((
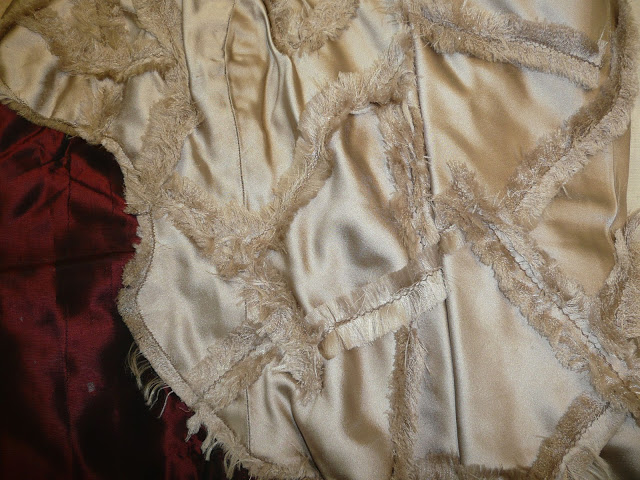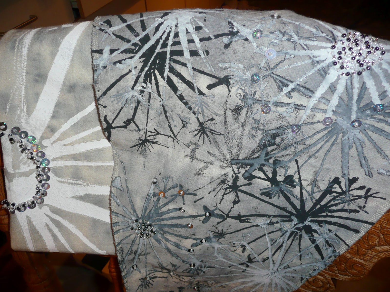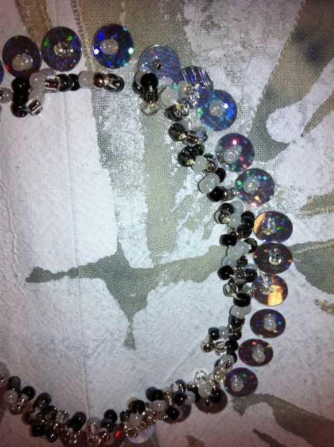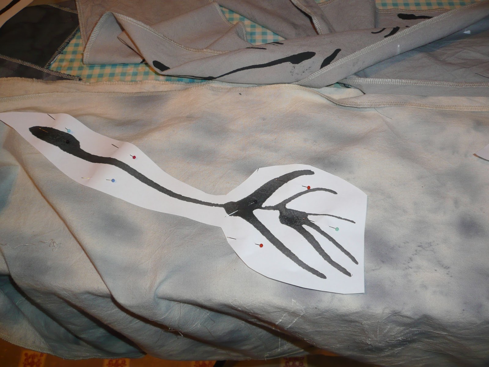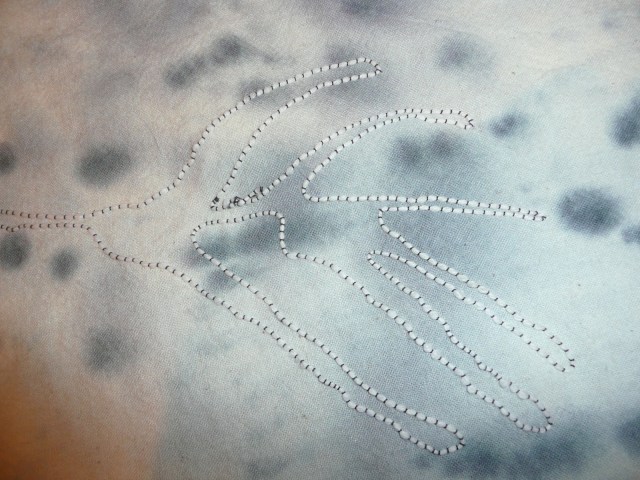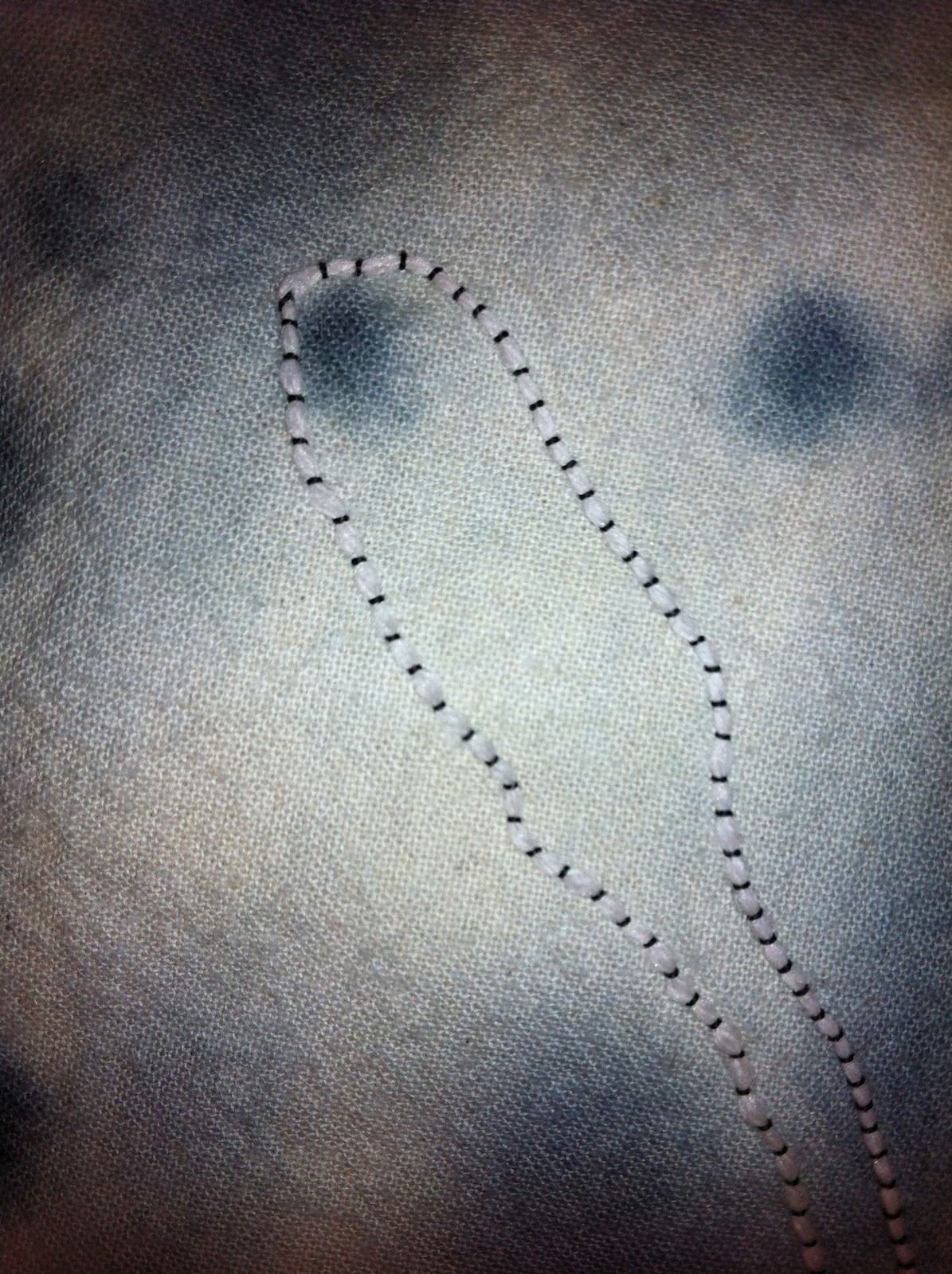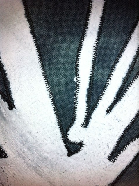Wound my bobbin with cream wool and placed black thread on the machine for the top thread. And then slowly followed the design. Thank goodness for modern sewing machines that will stop with the needle in the down position.
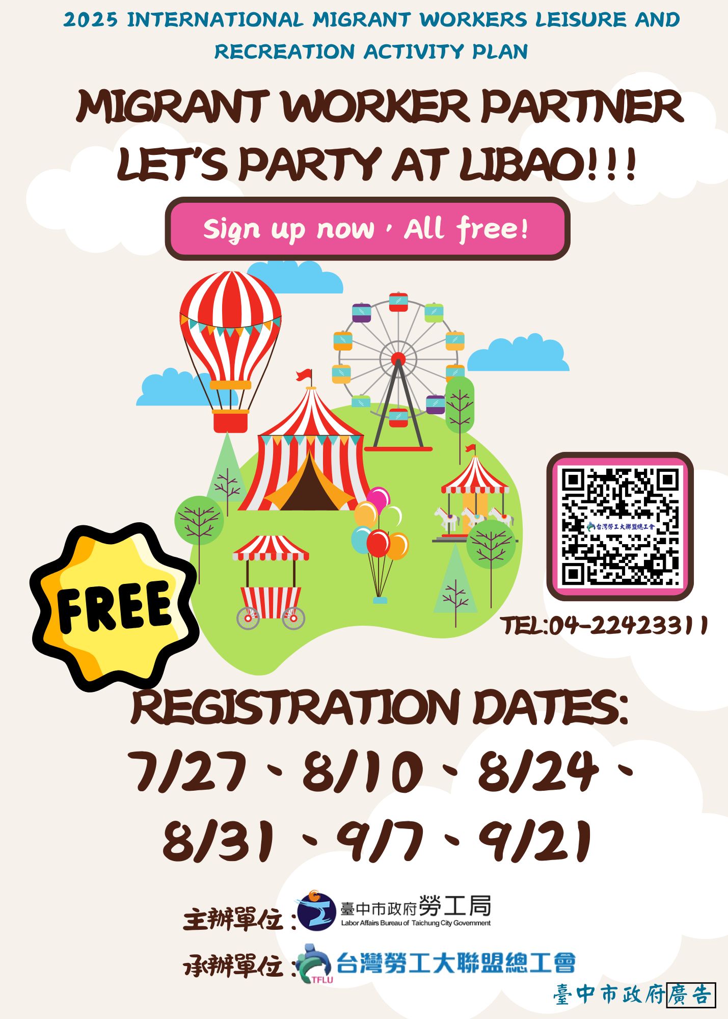 To show care for migrant workers in Taichung and to promote their physical and mental well-being through positive recreational activities, the Taichung City Government’s Labor Affairs Bureau is hosting the International Migrant Worker Leisure and Recreation Activity Plan this year. The first session will kick off on July 27, followed by other sessions on August 10, August 24, August 31, September 7, and September 21. All sessions will take place at Lihpao Resort, a popular destination among international visitors. Registration is available online, and participation is entirely free of charge. All migrant workers currently employed in Taichung, along with their employers and management personnel, are cordially invited to take part in this event.
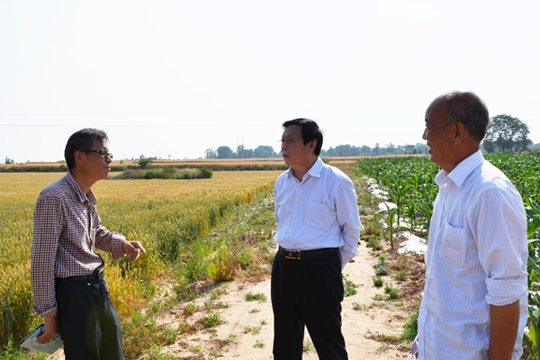 5月27日,校黨委書記張景書、校長劉建林一行前往咸陽市涇陽縣和西安市周至縣調(diào)研我校培育的商麥“5226”、“1619”品種和商麥“1032”新品系。學(xué)校辦公室、科研處、生物醫(yī)藥與食品工程學(xué)院及良種繁育中心相關(guān)負(fù)責(zé)人參加調(diào)研。
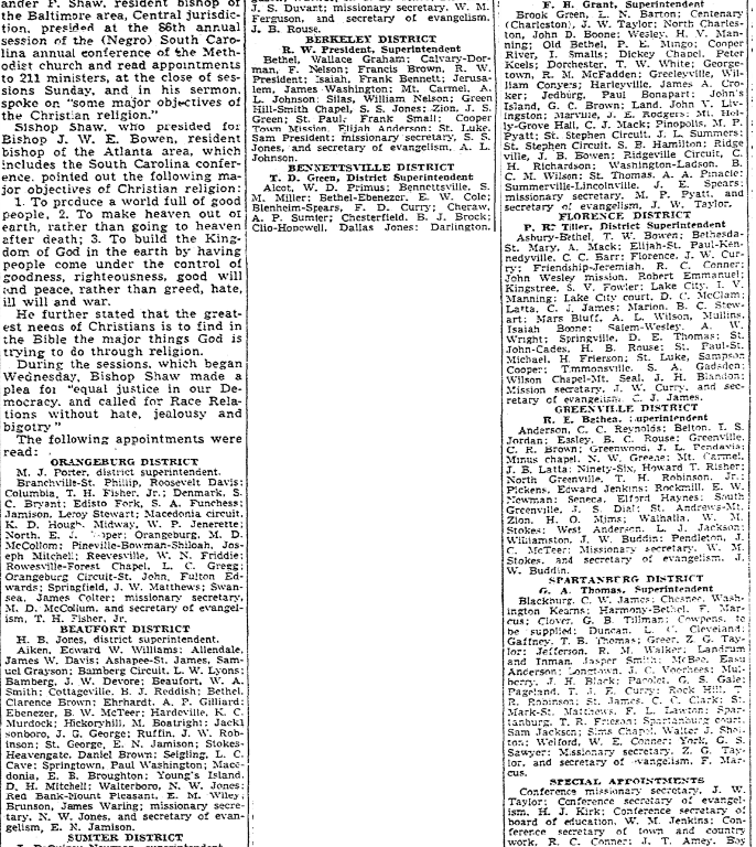 Branchville- St. Phillip, Roosevelt Davis; Columbia, T. H. Fisher, Jr.; Denmark, S. C. Bryant; Edisto Fork, S. A. Funchess; Jamison, Leroy Stewart; Macedonia circuit, K. D. Hough, Midway, W. P. Jenerette; North, E. J. Hooper; Orangeburg, M. D. McCollom; Pineville-Bowman-Shiloah, Joseph Mitchell; Reevesville, W. N. Friddie; Rowesville-Forest Chapel, L. C. Gregg; Orangeburg Circuit- St. John, Fulton Edwards; Springfield, J. W. Matthews; Swansea, James Colter; missionary secretary, M. D. McCollum, and secretary of evangelism, T. H. Fisher, Jr.
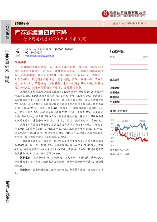 【浙商证券】【20200419】20200419-浙商证券-钢铁行业周度报告(2020年4月第3周):库存连续第四周下降-16页
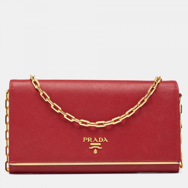 Prada Red Saffiano Metal Leather Flap Wallet on Chain
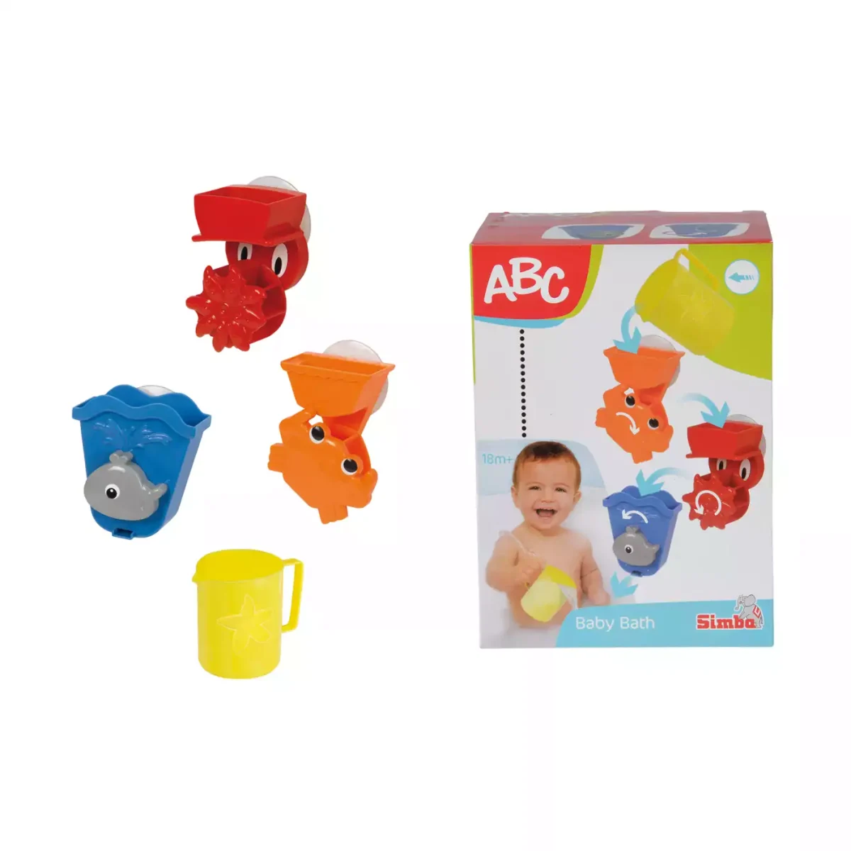 Das Simba ABC Badespielset besteht aus und einem Becher. So wird deinem Kind mit diesem Badespielzeug in der Badewanne nicht mehr langweilig. Die drei Tierchen können mit dem Saugnapf übereinader oder nebeneinander an der Badewanne befestigt werden. Mit dem Becher wird Wasser in die Wasserräder und Trichter geschüttet und der Badespaß beginnt. Das ABC Badespielset von Simba eignet sich für Kinder ab ca. 18 Monaten.
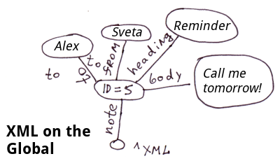 El método más fácil de descomponer XML en globals es almacenar atributos de etiqueta en nodos. Y si necesita acceso rápido a los atributos de etiqueta, podemos colocarlos en ramas separadas.
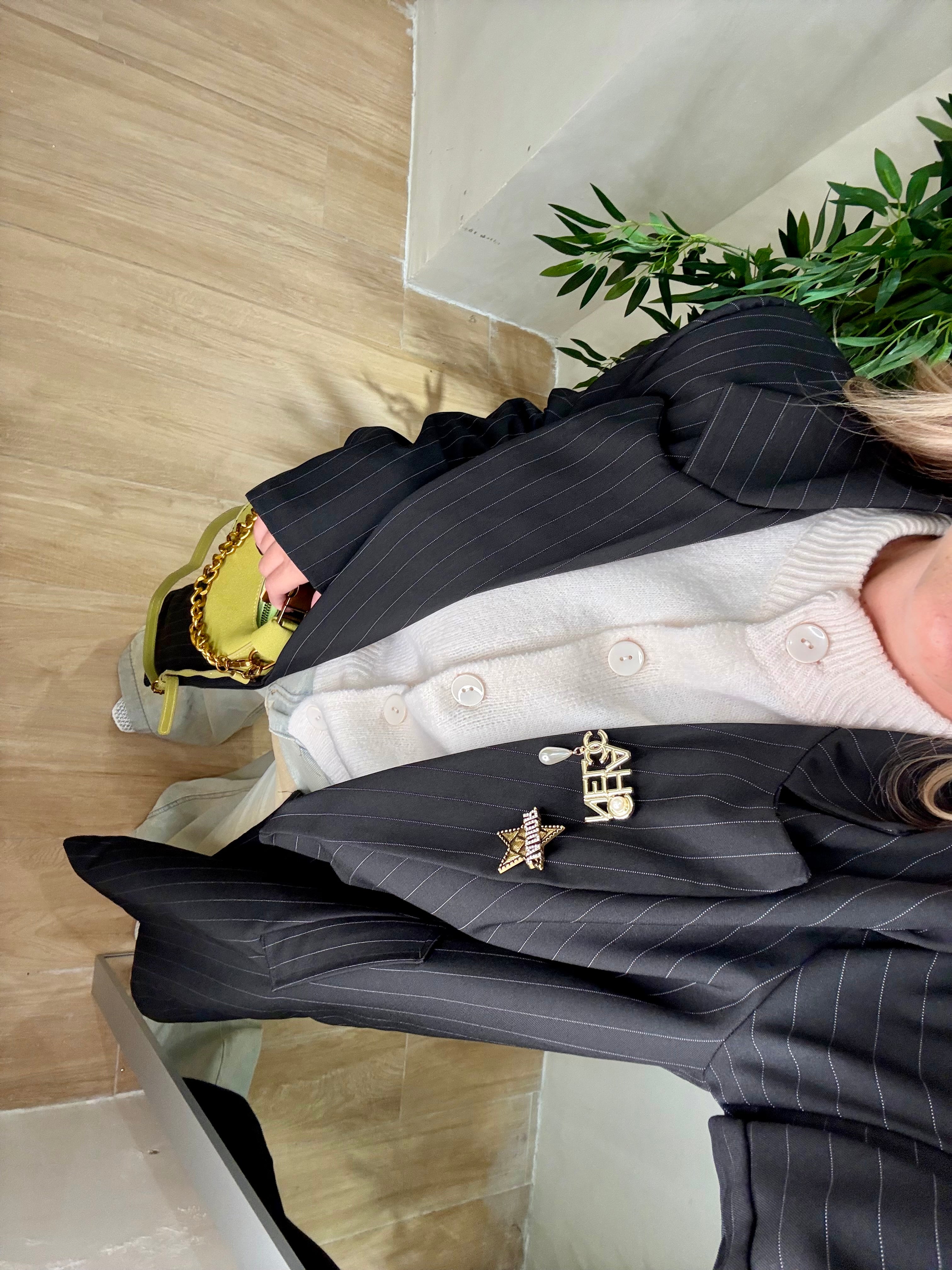 Blazer nero gessato con un design classico e sofisticato, caratterizzato da una lunghezza extra-long che crea un impatto visivo unico. Perfetto per aggiungere un tocco di stile e autorità al tuo outfit, ideale per occasioni formali o per chi cerca di fare una dichiarazione di moda."
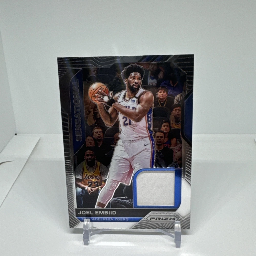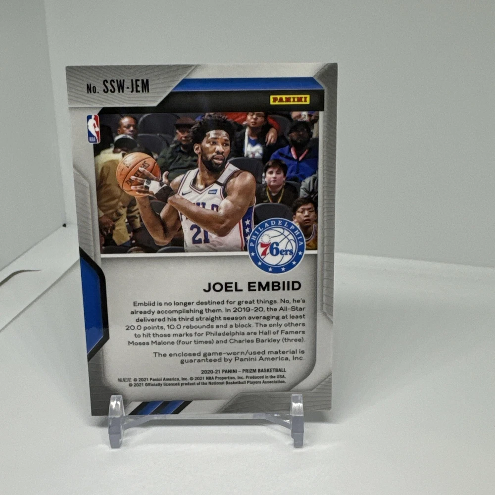This 2020-21 Panini Prizm trading card features Philadelphia 76ers' star Joel Embiid in a Sensational Game Used Memorabilia card. The card is from the National Basketball Association (NBA) league and is perfect for basketball enthusiasts and collectors. The card number is SSW-JEM and it is a near mint or better conditioned card. The card is manufactured by Panini and is part of the 2020-21 set. It is a sports trading card that features Embiid's memorabilia from a game. This card is a must-have for any collector or fan of the Philadelphia 76ers or basketball in general.
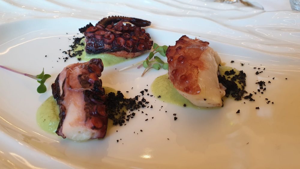 Crema di zucchine a scapece con tentacoli di polpo e terra di olive. Qui l’influenza campana dello chef si ritrova tutta nelle zucchine che hanno il sapore di un tramonto partenopeo con il Vesuvio sullo sfondo.
))
◆ **Exercise details**:
Each line between the one holding "To show care" and the one holding "Das Simba ABC", inclusive, should be copied exactly as it appears above, and pictures should be omitted.

◆ **Response to the task**:
 To show care for migrant workers in Taichung and to promote their physical and mental well-being through positive recreational activities, the Taichung City Government’s Labor Affairs Bureau is hosting the International Migrant Worker Leisure and Recreation Activity Plan this year. The first session will kick off on July 27, followed by other sessions on August 10, August 24, August 31, September 7, and September 21. All sessions will take place at Lihpao Resort, a popular destination among international visitors. Registration is available online, and participation is entirely free of charge. All migrant workers currently employed in Taichung, along with their employers and management personnel, are cordially invited to take part in this event.
 5月27日,校黨委書記張景書、校長劉建林一行前往咸陽市涇陽縣和西安市周至縣調(diào)研我校培育的商麥“5226”、“1619”品種和商麥“1032”新品系。學(xué)校辦公室、科研處、生物醫(yī)藥與食品工程學(xué)院及良種繁育中心相關(guān)負(fù)責(zé)人參加調(diào)研。
 Branchville- St. Phillip, Roosevelt Davis; Columbia, T. H. Fisher, Jr.; Denmark, S. C. Bryant; Edisto Fork, S. A. Funchess; Jamison, Leroy Stewart; Macedonia circuit, K. D. Hough, Midway, W. P. Jenerette; North, E. J. Hooper; Orangeburg, M. D. McCollom; Pineville-Bowman-Shiloah, Joseph Mitchell; Reevesville, W. N. Friddie; Rowesville-Forest Chapel, L. C. Gregg; Orangeburg Circuit- St. John, Fulton Edwards; Springfield, J. W. Matthews; Swansea, James Colter; missionary secretary, M. D. McCollum, and secretary of evangelism, T. H. Fisher, Jr.
 【浙商证券】【20200419】20200419-浙商证券-钢铁行业周度报告(2020年4月第3周):库存连续第四周下降-16页
 Prada Red Saffiano Metal Leather Flap Wallet on Chain
 Das Simba ABC Badespielset besteht aus und einem Becher. So wird deinem Kind mit diesem Badespielzeug in der Badewanne nicht mehr langweilig. Die drei Tierchen können mit dem Saugnapf übereinader oder nebeneinander an der Badewanne befestigt werden. Mit dem Becher wird Wasser in die Wasserräder und Trichter geschüttet und der Badespaß beginnt. Das ABC Badespielset von Simba eignet sich für Kinder ab ca. 18 Monaten.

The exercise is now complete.